🤖 AI Summary
To address the challenges of fine-grained classification and severe scarcity of real-world samples in cutlery soiling recognition—hindering industrial deployment—this paper proposes DTGen, the first generative diffusion model framework tailored for few-shot cutlery soiling recognition. Methodologically, it employs LoRA-efficient fine-tuning of diffusion models, leverages structured textual prompts to synthesize high-fidelity, diverse soiling images, and integrates CLIP-based cross-modal embeddings for automated quality filtering. Technically, DTGen pioneers the application of generative diffusion models to this industrial vision task, enabling effective fine-grained synthetic data augmentation; it supports edge-lightweight deployment and enables closed-loop optimization with dishwashing systems to reduce energy consumption and detergent usage. Experiments demonstrate substantial improvements in classification accuracy under extreme data scarcity (<10 real samples per class), validating the practical utility and engineering value of generative AI for intelligent food safety monitoring.
📝 Abstract
Intelligent tableware cleaning is a critical application in food safety and smart homes, but existing methods are limited by coarse-grained classification and scarcity of few-shot data, making it difficult to meet industrialization requirements.
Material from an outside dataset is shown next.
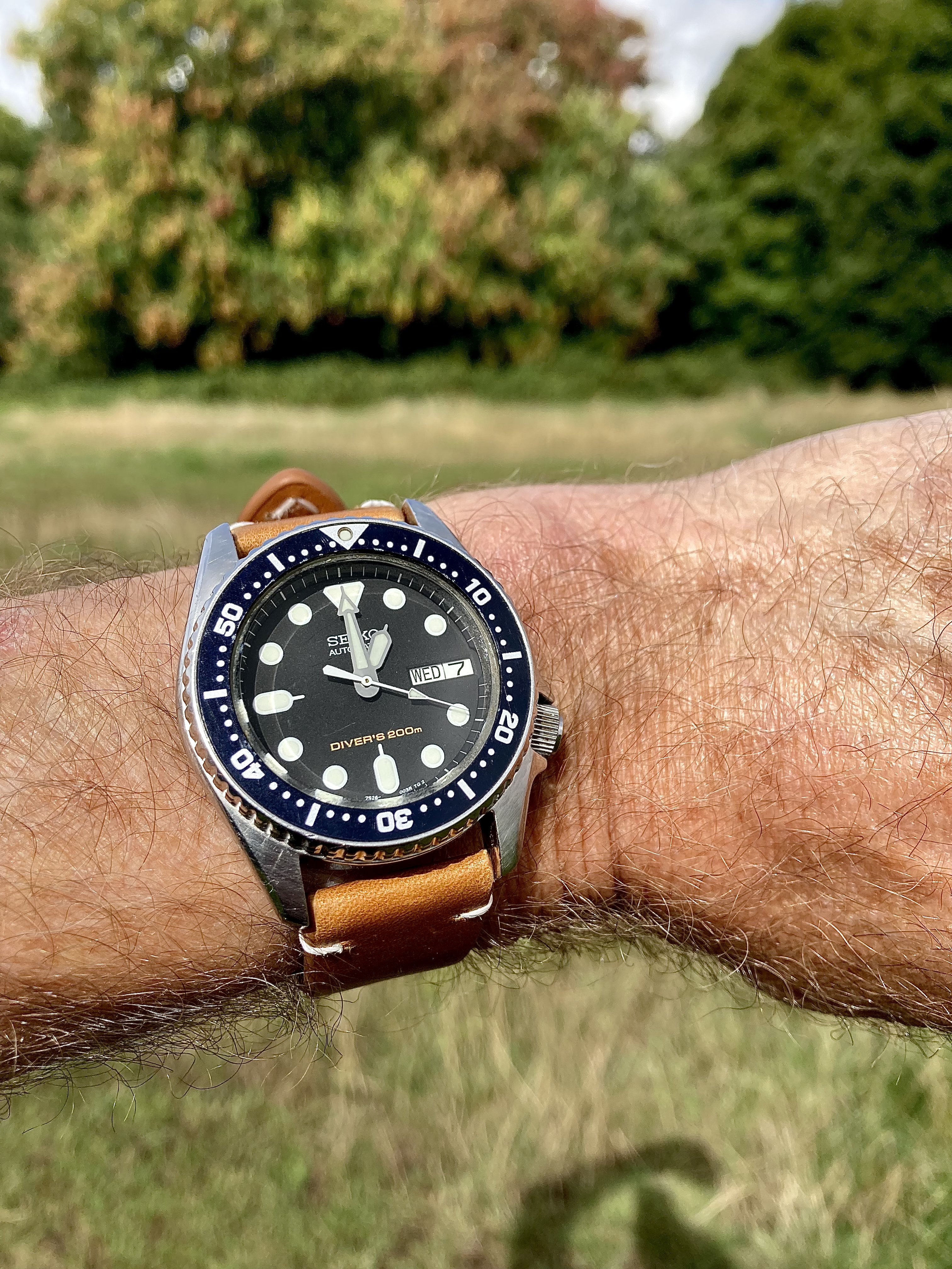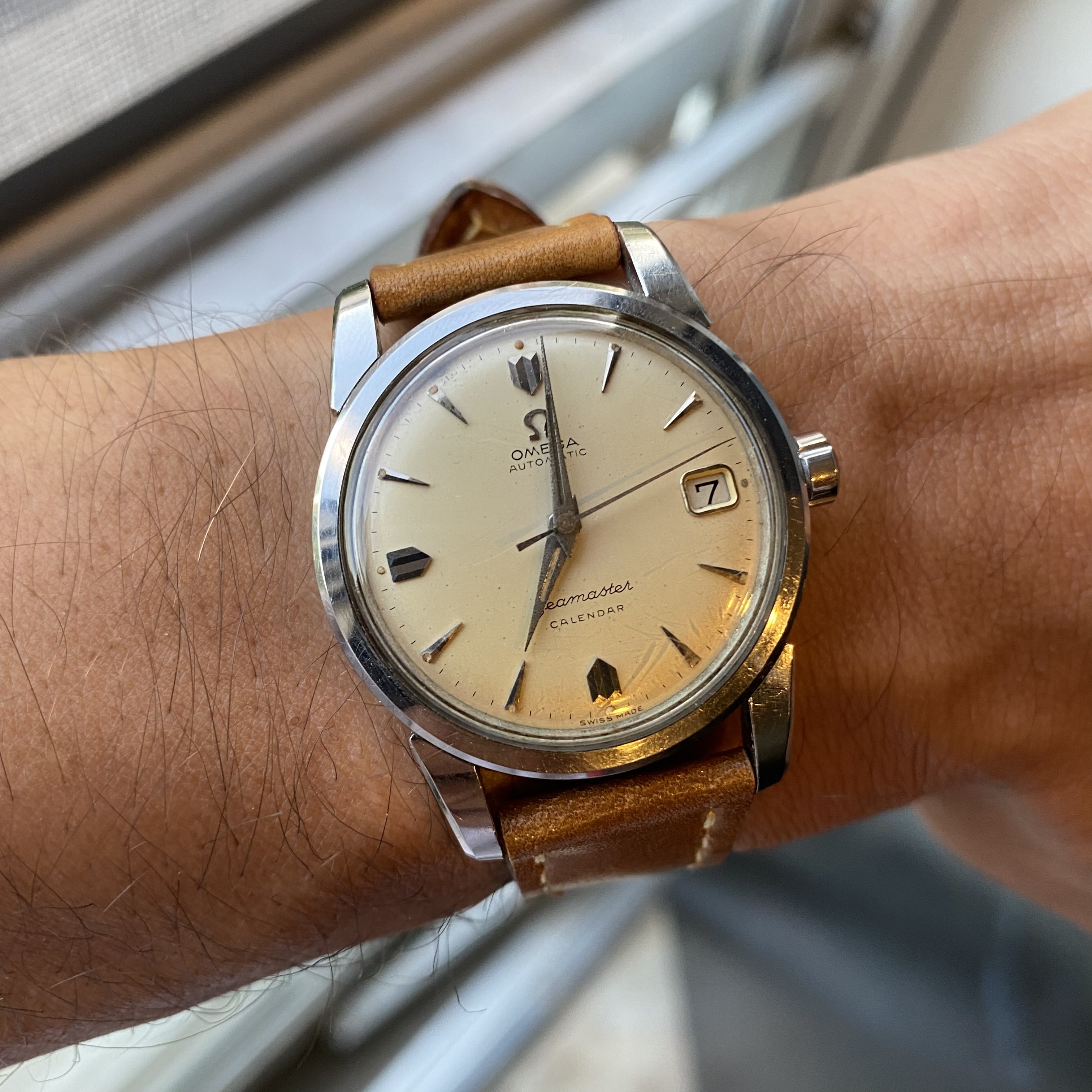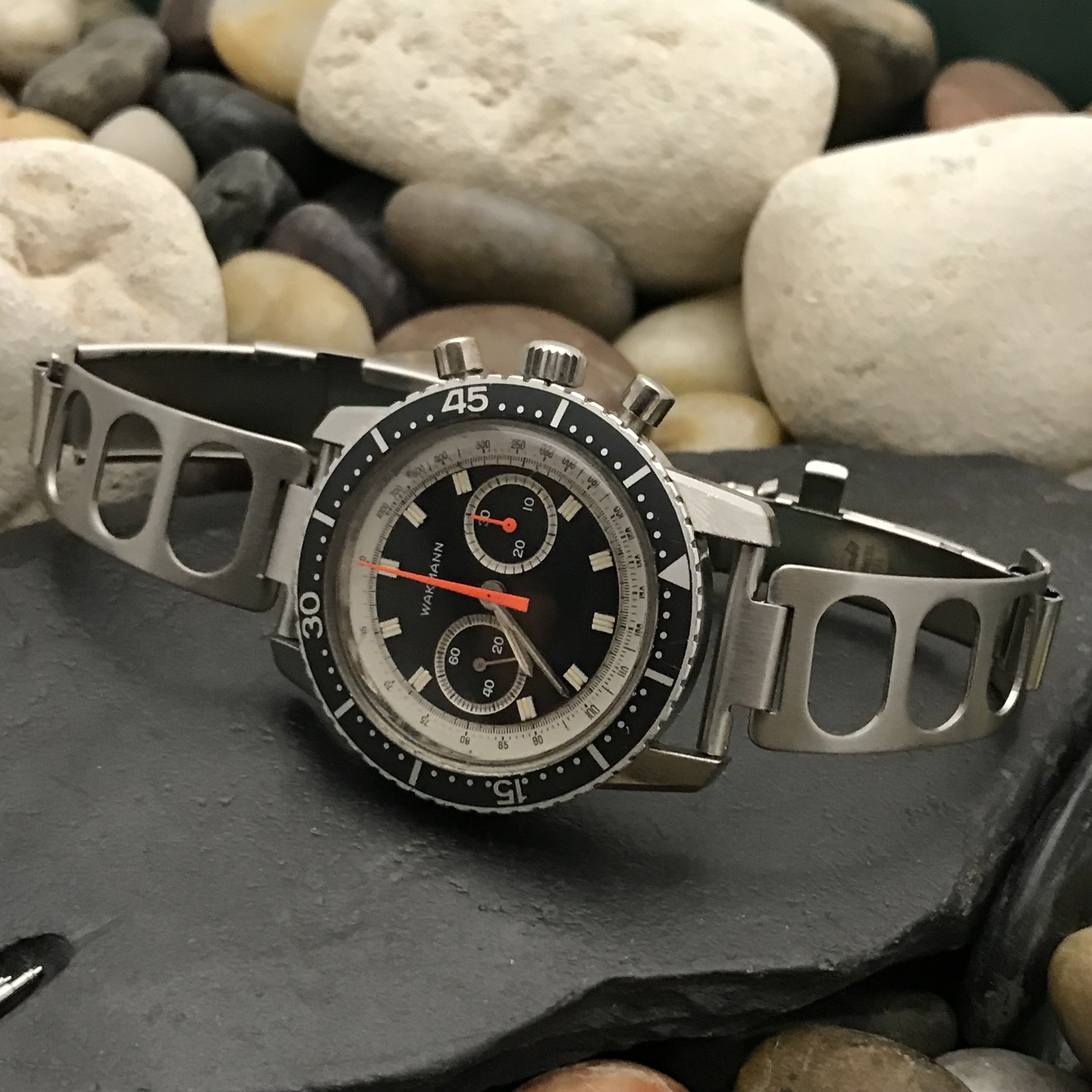 Slightly modded Tissot circa 1971 powered by Tissot's Astrolon 2250 movement, a.k.a. SYSTAL (Systeme Total AutoLubrification) -- i.e., an all-plastic self-lubricating movement. Here is a link to an article about the Astrolon 2250, for those interested in learning more Tissot Astrolon: the synthetic revolution | Watchonista
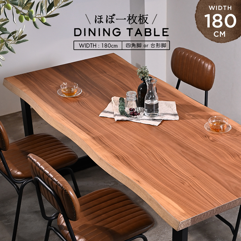 ・ほぼ一枚板ダイニングテーブル 幅180cm【ナチュラル】

We propose DTGen, a few-shot data augmentation scheme based on generative diffusion models, specifically designed for fine-grained dirty tableware recognition. DTGen achieves efficient domain specialization through LoRA, generates diverse dirty images via structured prompts, and ensures data quality through CLIP-based cross-modal filtering. Under extremely limited real few-shot conditions, DTGen can synthesize virtually unlimited high-quality samples, significantly improving classifier performance and supporting fine-grained dirty tableware recognition. We further elaborate on lightweight deployment strategies, promising to transfer DTGen's benefits to embedded dishwashers and integrate with cleaning programs to intelligently regulate energy consumption and detergent usage. Research results demonstrate that DTGen not only validates the value of generative AI in few-shot industrial vision but also provides a feasible deployment path for automated tableware cleaning and food safety monitoring.